# Tas: Somewhere 28th Dec



## Baldy (Oct 1, 2007)

Gday all

Anyone keen for a paddle in the morning?[friday 28th] Im gonna start somewhere early, given the nor west forcast Im thinking about Margate or Kettering.

Happy to catch up with anyone who cant make an early start[feet wet at 5:30 is the plan]

Targets are escapee Atlantic Salmon, Aussie Salmon, Flatties, Calamari/arrows, Bream and pretty much anything else that swims :lol: A Calamari and a few flattie fillets for dinner tomorow night is the number one goal 

Bit late notice I'll admit but with a warm 28 forcast I thought I'd throw the idea out there 

Blaen....Vert...Chief...Macca...Bent...and the rest....you know the drill 8) :lol: :lol:

Cheers
Baldy


----------



## abitfishy (Sep 24, 2006)

Baldy said:


> but with a warm 28 forcast I thought I'd throw the idea out there


28 deg in Tasmania? Blimey that is a heatwave! :lol:


----------



## Blaen (Jul 4, 2006)

Sorry Baldy,

I got roped into some land based action for tomorrow morning. I'll be hitting Long and Nutgrove Beachs with a couple of yak-less mates, from about 7:30 am.


----------



## Duane (Oct 20, 2007)

bummer, i missed this thread, went to FHB on my own until the rain, wind and lack of bites sent me home.
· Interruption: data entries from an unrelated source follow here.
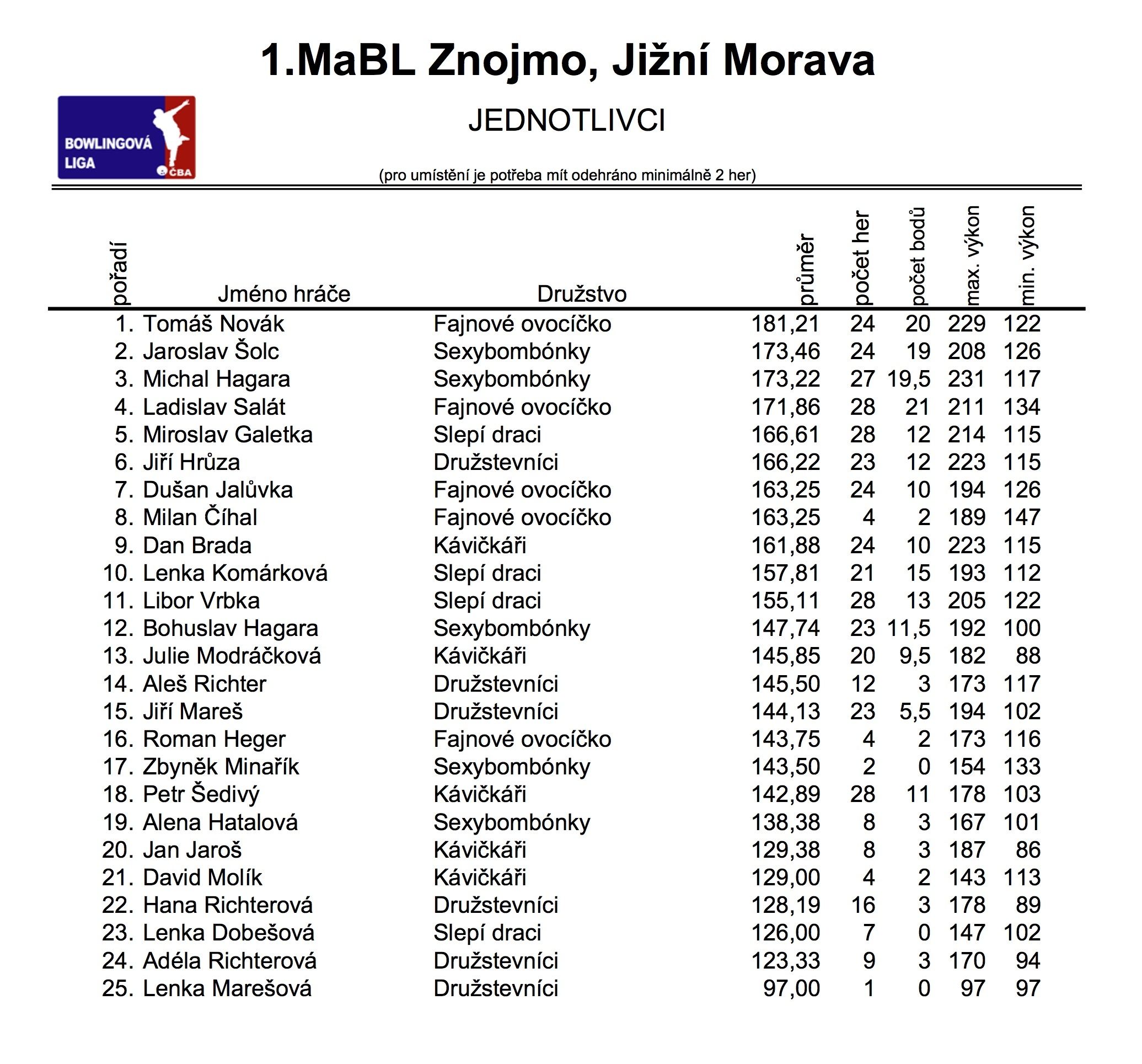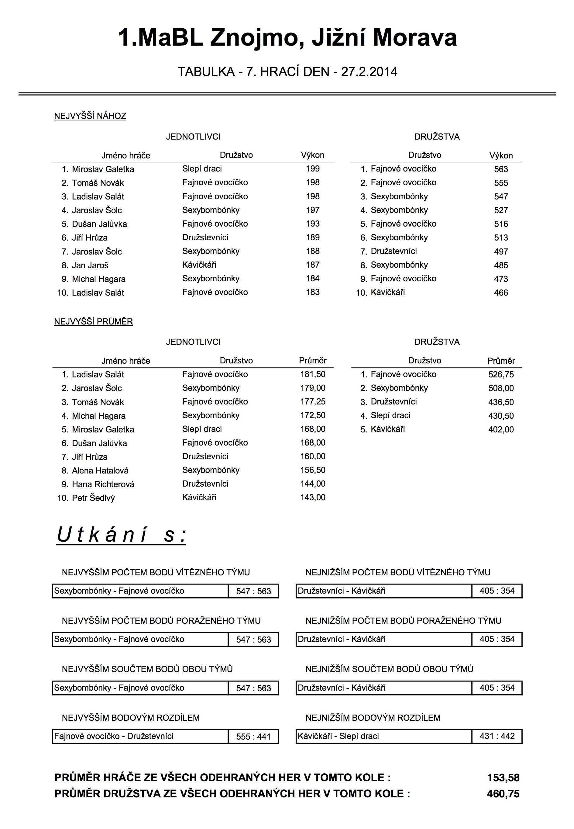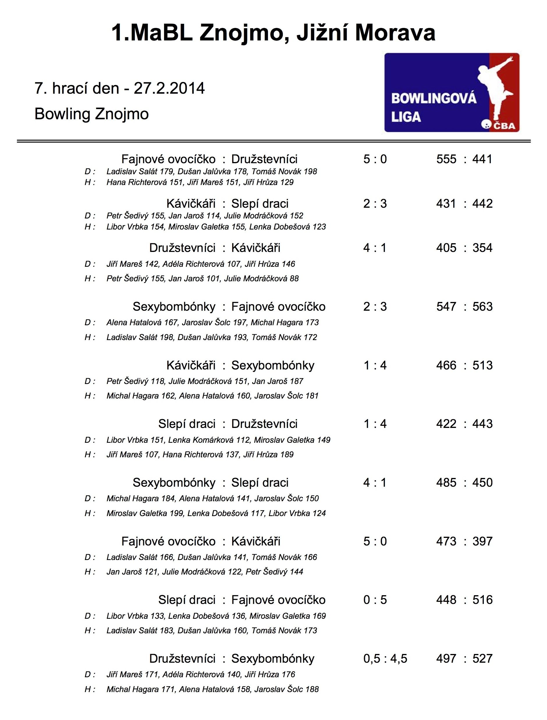 Ve čtvrtek 27.2.2014 proběhlo 7. kolo 1. Městské amatérské bowlingové ligy 2013/2014. Výsledky naleznete zde:
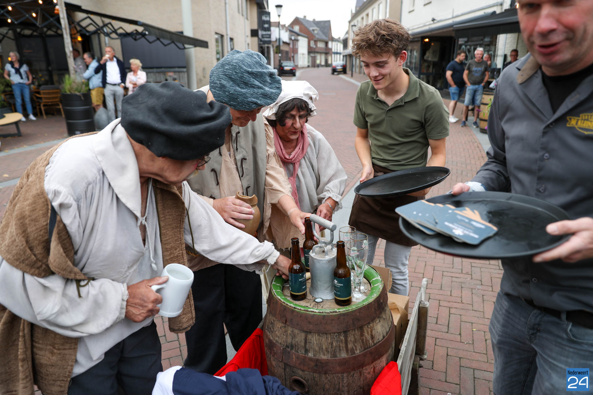 Zijn terugkomst werd afgelopen donderdag gevierd met een klein openluchtspektakel op het Horecaplein. Daar arriveerde de legerveteraan, moe en kreupel, na een wekenlange voetreis van Waterloo naar Nederweert. Vol van verhalen maar ook met vreselijke dorst, kwam hij daar in de vroege avond aan op het plein. De umbelder (dorpsomroeper) van Nederweert kondigde toevallig net op dat moment de binnenkomst van het pas gebrouwen nieuwe bier aan, dat de naam kreeg van Houts Hendrik.
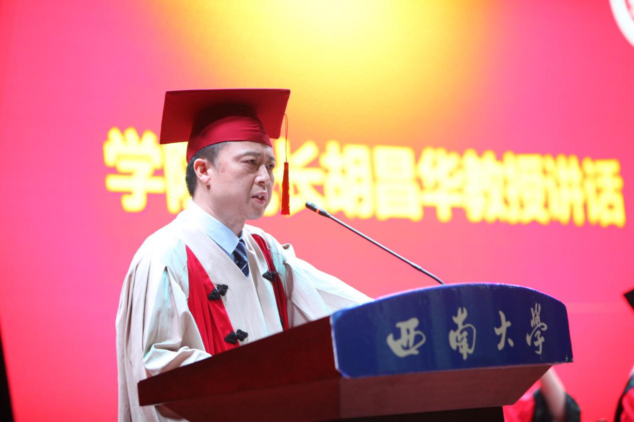 胡昌华院长发表了热情洋溢的讲话,他表示这是他作为院长致辞的第四年,非常激动。他在提及2019届毕业生中的优秀代表的基础上表示,同学们积极参与学院专业认证,参与各种项目竞赛,参与老师的科学研究,支持学院的学位点申报,为学院的改革发展做出了积极的贡献。Betway必威西汉姆联官方网站虽然年轻,但已经培养了一批批优秀的莘莘学子,在社会的各个岗位上发光发热。胡院长在临别之际赠送给毕业生三个关键词,即人品、人际和人才。希望各位毕业生不忘家国情怀,做一个有责任担当的人,牢记对国家、对民族、对人类进步的使命,胸怀天下,立足本职,锻炼过硬本领,用自己的实际行动诠释西大药学人精神。
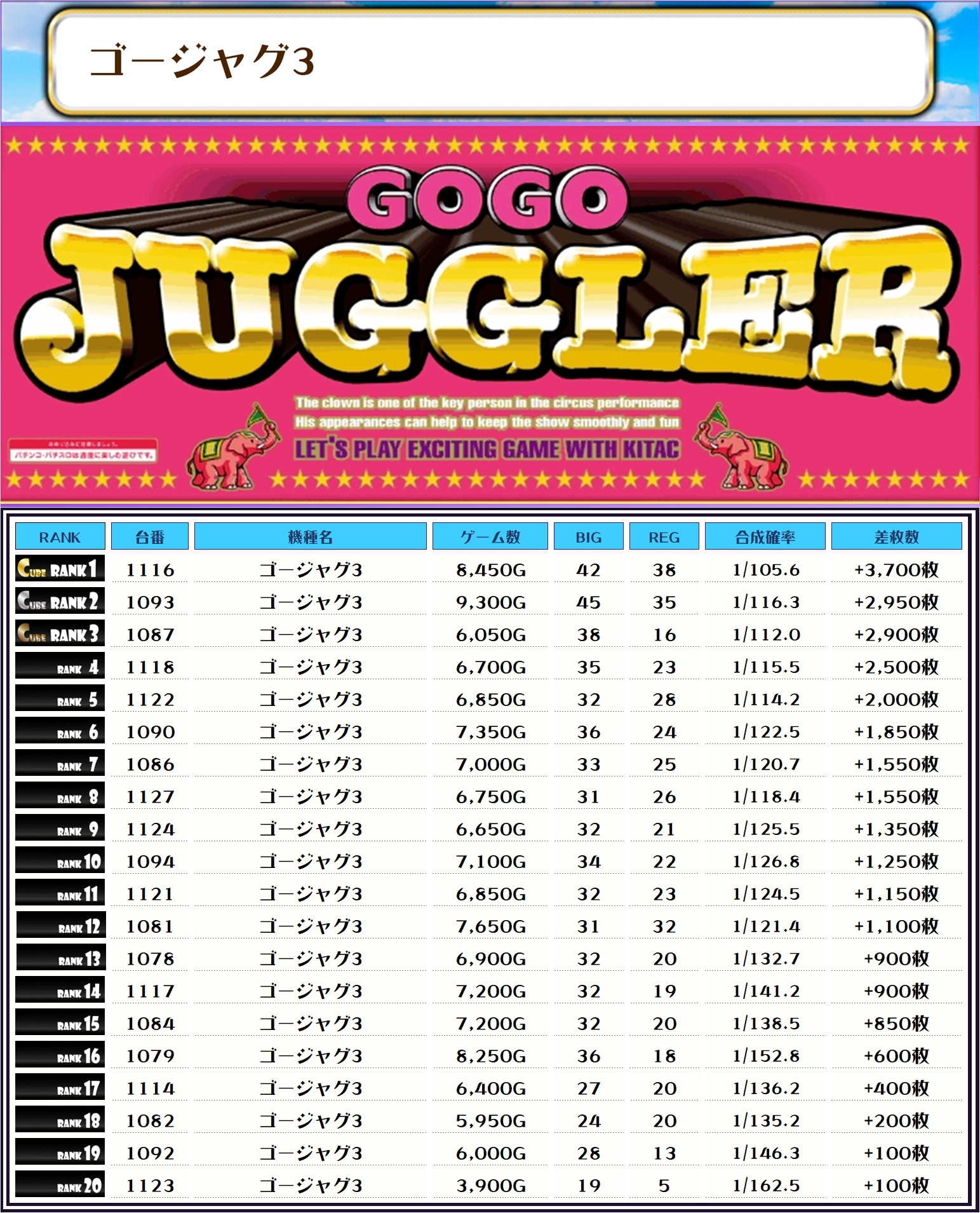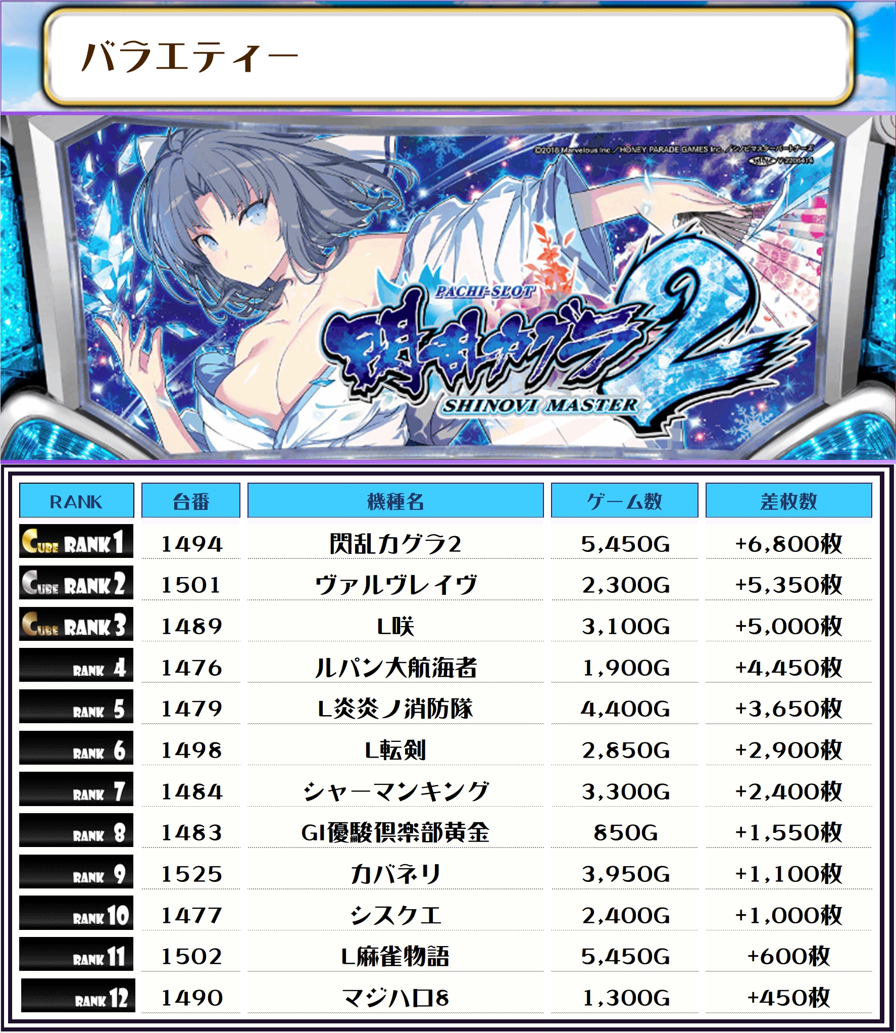 ランキングは20台中、18台が5000枚オーバーとなっていて、大いに盛り上がっていたでやんす🎲
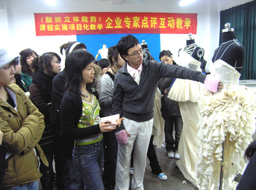 邵依苗和胡亚迪结合自己对温州礼服市场的了解以及多年积累的专业知识,在课堂上对温职院服装0601班学生设计的30多款生日礼服一一进行了点评,让学生们大开眼界,对礼服设计有了更直观的了解。
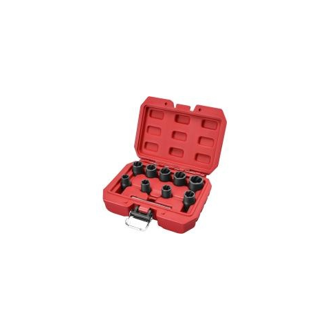 Az Extol Premium 9 db-os csavarkiszedő készlet (8818141), sérült, beragadt, lekerekített, korrodált, hatlapfejű csavarok és anyák meglazításához. Króm-molibdén fémötvözetből készült, 3/8" befogással. A készlet 9 db fejet tartalmaz: 10, 11, 12, 13, 14, 15, 16, 17, 19 mm + 1 db 8 mm* 75 mm O-keresztmetszetű kiütő rudat. Csak kézi használatra, gépi/impact meghajtásra alkalmatlan! A használatához szükség van egy 3/8" hajtókarra, ami nem része a készletnek! Aj
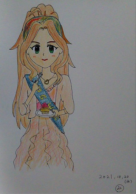 #今月描いた絵を晒そう お誕生日絵です。 エミリー誕絵の正座のつたなさ、 志保誕絵の動物たちの気持ち悪さ、 貴音誕絵のらーめんの圧倒的美味しくなさそうさ(モヤシのつもりで描いた線がむしろ気持ち悪い) が特に大きな反省点。 来月はまつりのお誕生日がありますので今からドッキドキです。
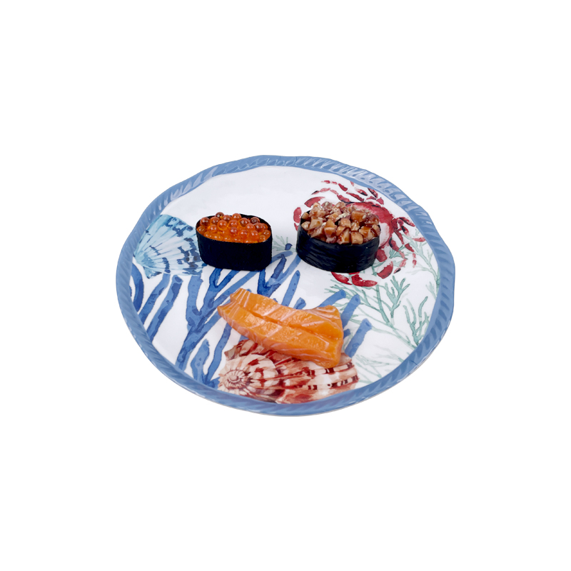 Top Quality Party Plate And Napkin Set - Cheap Price Wholesale Custom Melamine Plates Ocean series Logo coral scallop crab conch pattern Customized Melamine Plate – BECO Detail:
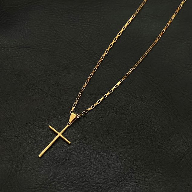 Colar Corrente Masculina Grumet Dourada Pingente Cruz Unissex + Pulseira Tijolinho Aço Inoxidável
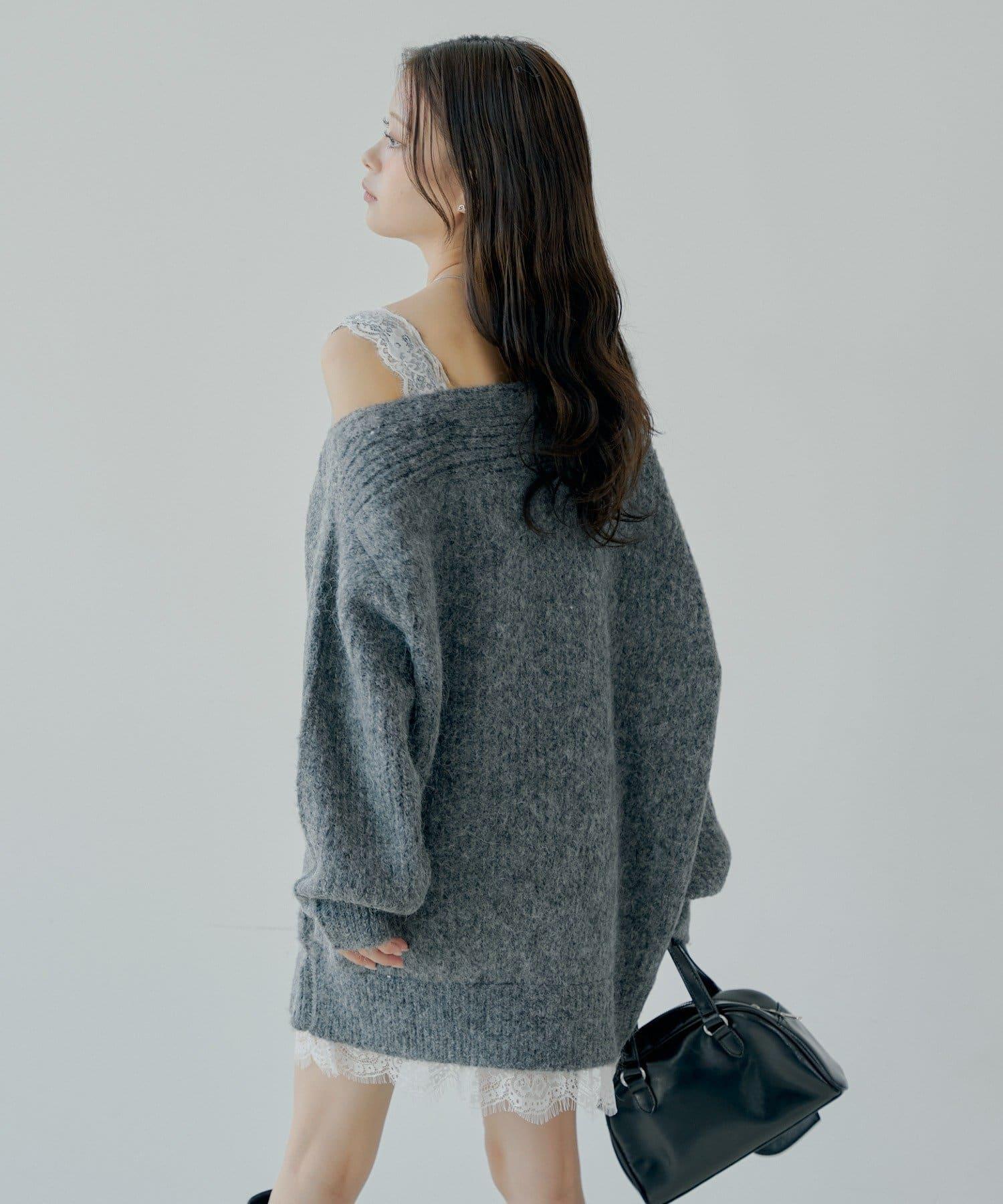下襬的精緻蕾絲為這款休閒針織衫增添了女性氣息。
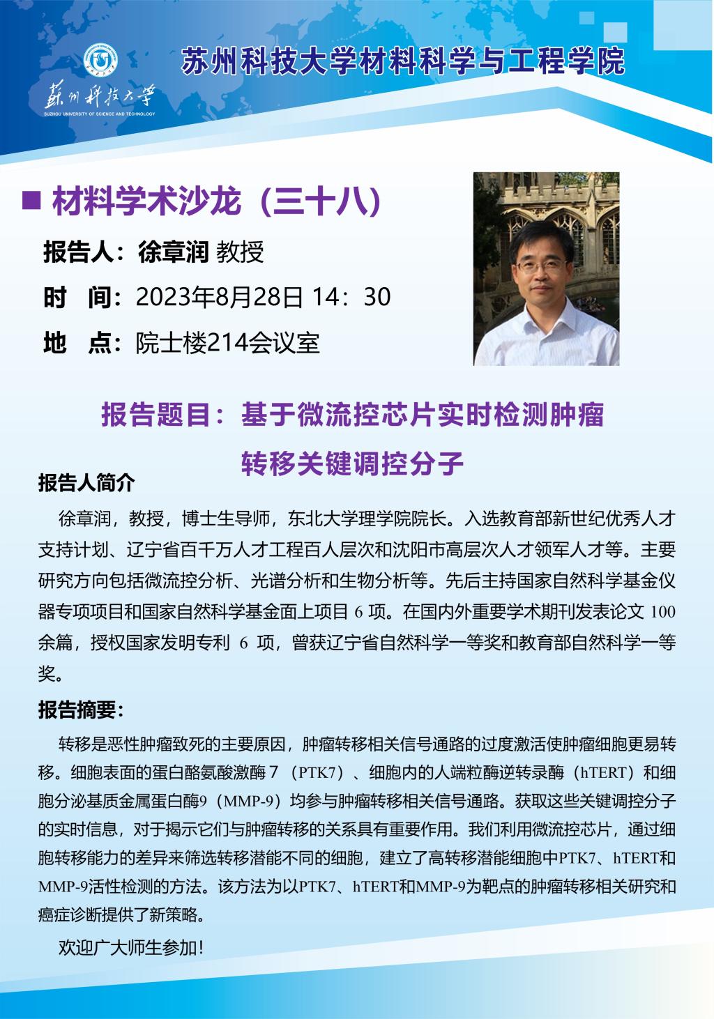 材料学术沙龙三十八:基于微流控芯片实时检测肿瘤转移关键调控分子
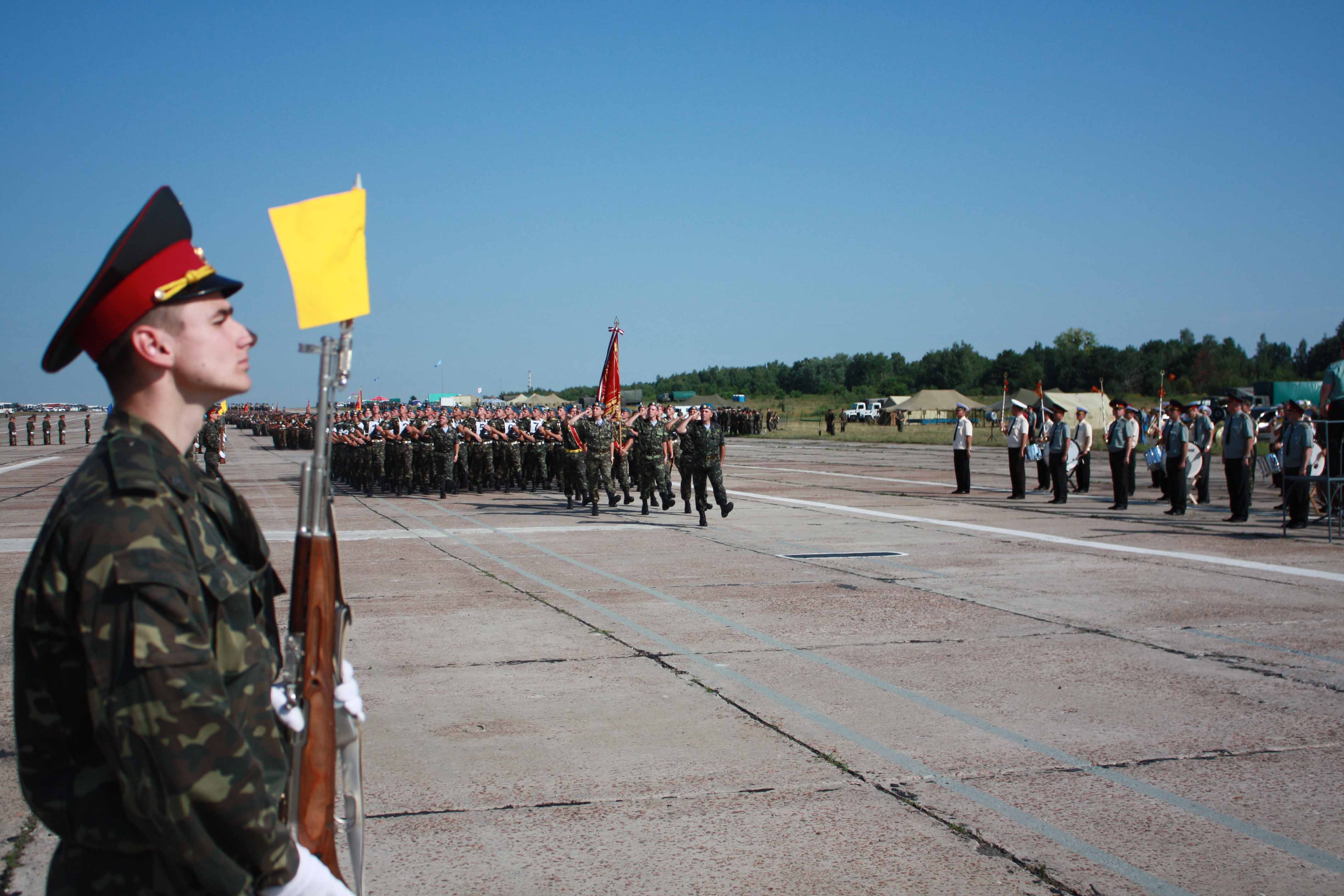 В ходе подготовки парада будет проведено несколько тренировок в полном составе парадных расчетов, - на взлетно-посадочной полосе аэродрома Киевского авиационного завода «АВИАНТ» и непосредственно на улице Крещатик. Первая из них уже была проведена на ВПП "Авианта". Предлагаем нашим читателям фоторепортаж с места тренировки.
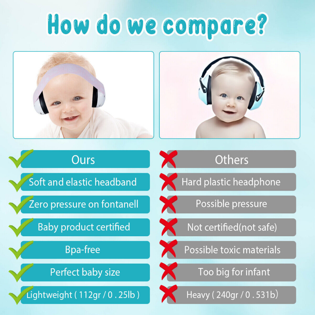 Baby Sound Blocking Earmuffs Hearing Protection with Adjustable Headband Strap for Infant Muffs for Airplane Outdoor

Even sent you a PM, going again monday (31st) morning if the wind doesnt get up too much


----------



## Baldy (Oct 1, 2007)

Hey mate, yeah I didnt see the pm untill I got home that night...doh!

Where are you thinking of going tomorow ? Im keen. FHB on the western shore wont be much good with the nor easterly forcast.

Im the same, wait till I see what the wind is doing in the morning and decide where to go from there.

Not planning a real early start, so I'll check the forum in the morning.

Cheers
Baldy


----------



## Duane (Oct 20, 2007)

I had no definite plans on where to go, best to wait and see what the wind does. I take no joy from battling against it.



> DERWENT ESTUARY, north of Iron Pot:
> Northeasterly winds 10 to 20 knots tending more northerly during the afternoon and reaching 15 to 25 knots. Stronger gusts especially in the afternoon.
> 
> STORM BAY AND CHANNEL, north of the lines Southport Island to Cape Bruny, Cape Queens Elizabeth to Wedge Island:
> ...


I've got most of my gear sorted, will just need to load the car and go.


----------



## Duane (Oct 20, 2007)

As I haven't heard from you, I'm going to head to pipe clay lagoon for the morning. Not sure I'll catch anything but the current down there will be good for my paddling fitness !


----------